By Misión Verdad – Dec 5, 2024
Recently, the US government has intensified its hardline position against the Venezuelan government and refused to recognize Nicolás Maduro’s re-election for a new presidential term. The US has also referred to the former opposition candidate Edmundo González Urrutia as “president elect” for the first time.
From this moment on, a new phase of non-recognition of the Venezuelan government seems to be taking shape in the US, with the aim of maintaining the “foundations” of the illegal sanctions that Washington has imposed on Venezuela.
For its part, the US Congress approved the “BOLIVAR Law,” a bipartisan act that outlines the path of continued siege against the Venezuelan state, its authorities, and the country’s economy as a whole.
The advent of a new Donald Trump administration from next January, combined with the accumulated elements of rising pressure, suggests that the “maximum pressure” strategy could be relaunched.
Marco Rubio, appointed by Trump to the position of Secretary of State, is considered a fervent anti-Chavista.

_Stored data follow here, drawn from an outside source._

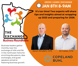 Chamber member COPELAND BUHL will lead the exchange on taxes. It's the perfect time of year to wrap up your 2025 tax profile, and set yourself up for success in 2026. Hear the lates tips and advise from the experts.
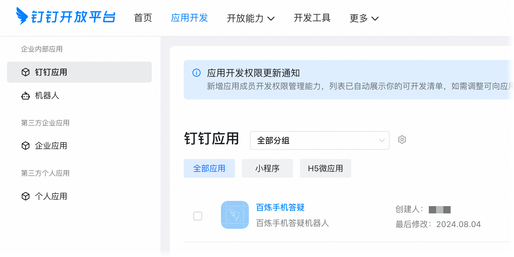 - 访问钉钉应用列表。找到刚刚创建的应用,点击应用名称进入详情页面。
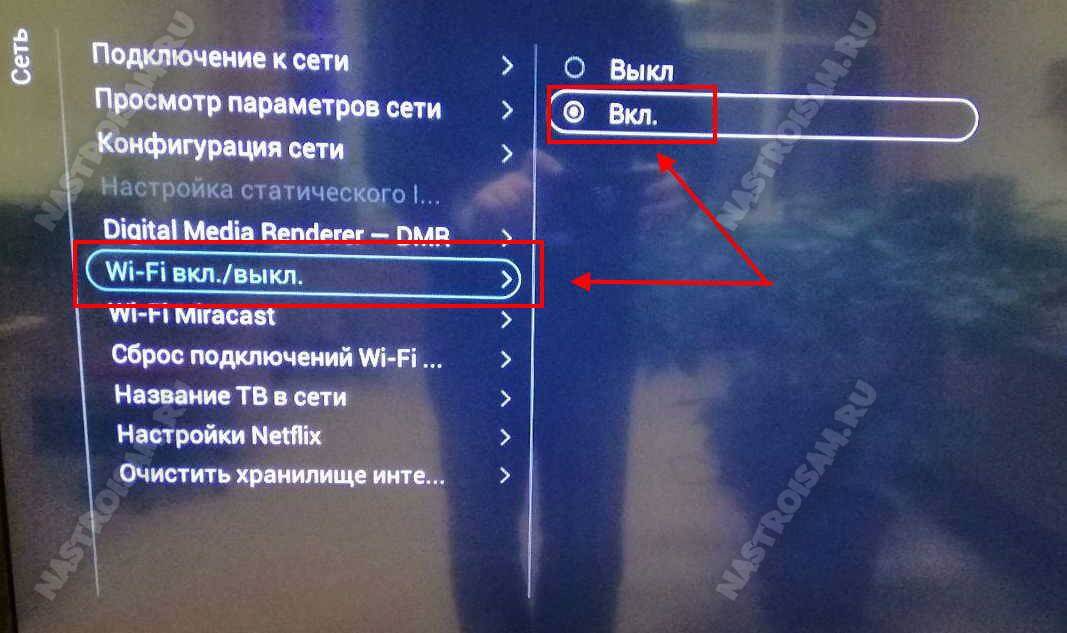 В моём случае беспроводной адаптер телевизора был изначально отключен и потому его надо сначала включить, зайдя в подраздел «Wi-Fi вкл./выкл.» и выбрать значение «Вкл».
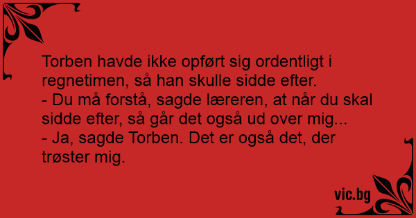- Du må forstå, sagde læreren, at når du skal sidde efter, så går det også ud over mig...
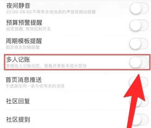找到多人记账,开启右侧开关即可。
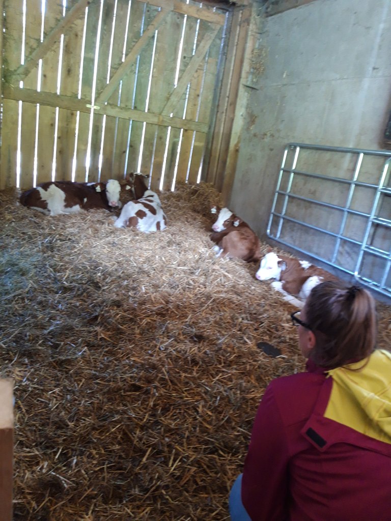 Es kann getobt und gekuschelt werden und v.a. für die künftigen Milchkühe ist unserer Meinung nach von Anfang an eine Sozialkompetenz wichtig.
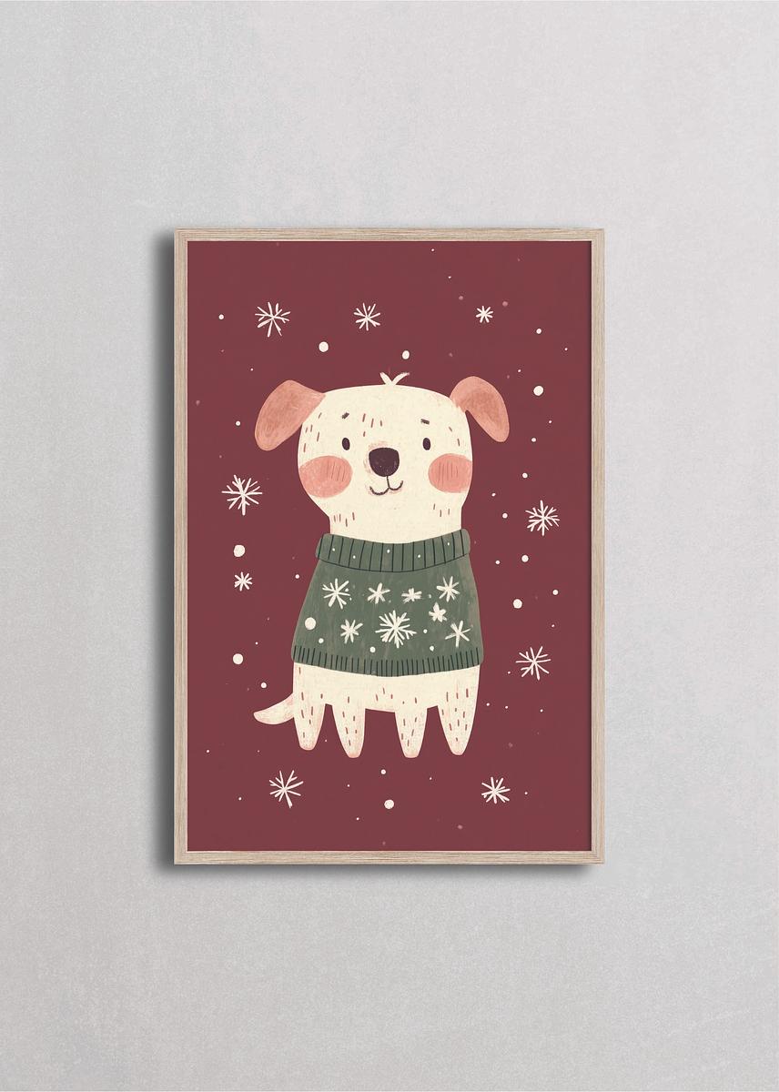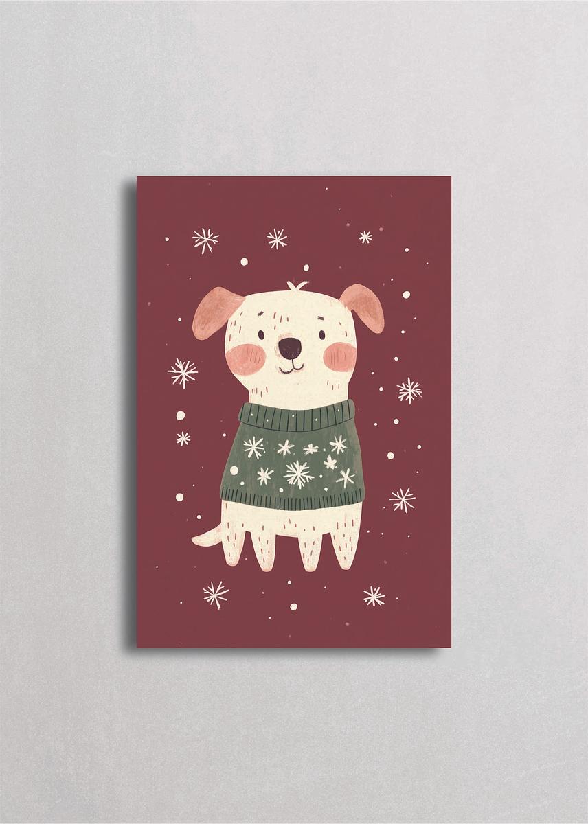 Tierno cachorrito blanco con orejas caídas rosadas vistiendo un suéter verde oliva decorado con copos de nieve navideños sobre un fondo rojo vino elegante. La nieve cayendo alrededor crea una atmósfera festiva cálida y acogedora, perfecta para celebrar la compañía de las mascotas durante las fiestas con estilo vintage encantador.

His well-known alliances with extremist sectors of the Venezuelan opposition foreshadow a scenario of new pressures against Venezuela, at the request of these factions.
María Corina Machado, who is now the face of the hardline pro-sanctions faction, has called for additional pressure against Venezuela in order to bring about regime change.
The clichés and the renewed calls for tightening the blockade represent a flashback to 2019.
The opposition, or at least a predominant part of it—the one most heavily linked to Washington’s policy—reinforces the argument in favor of the blockade, which opens the space for a new diatribe about the characteristics and viability of coercion as a method for regime change.
Resistance to “maximum pressure 2.0”
The issue of comprehensive sanctions against the Venezuelan oil industry and, consequently, the economy as a whole —due to the profound link between the oil sector and other sectors of the economy— has frequently been addressed from many angles of public opinion.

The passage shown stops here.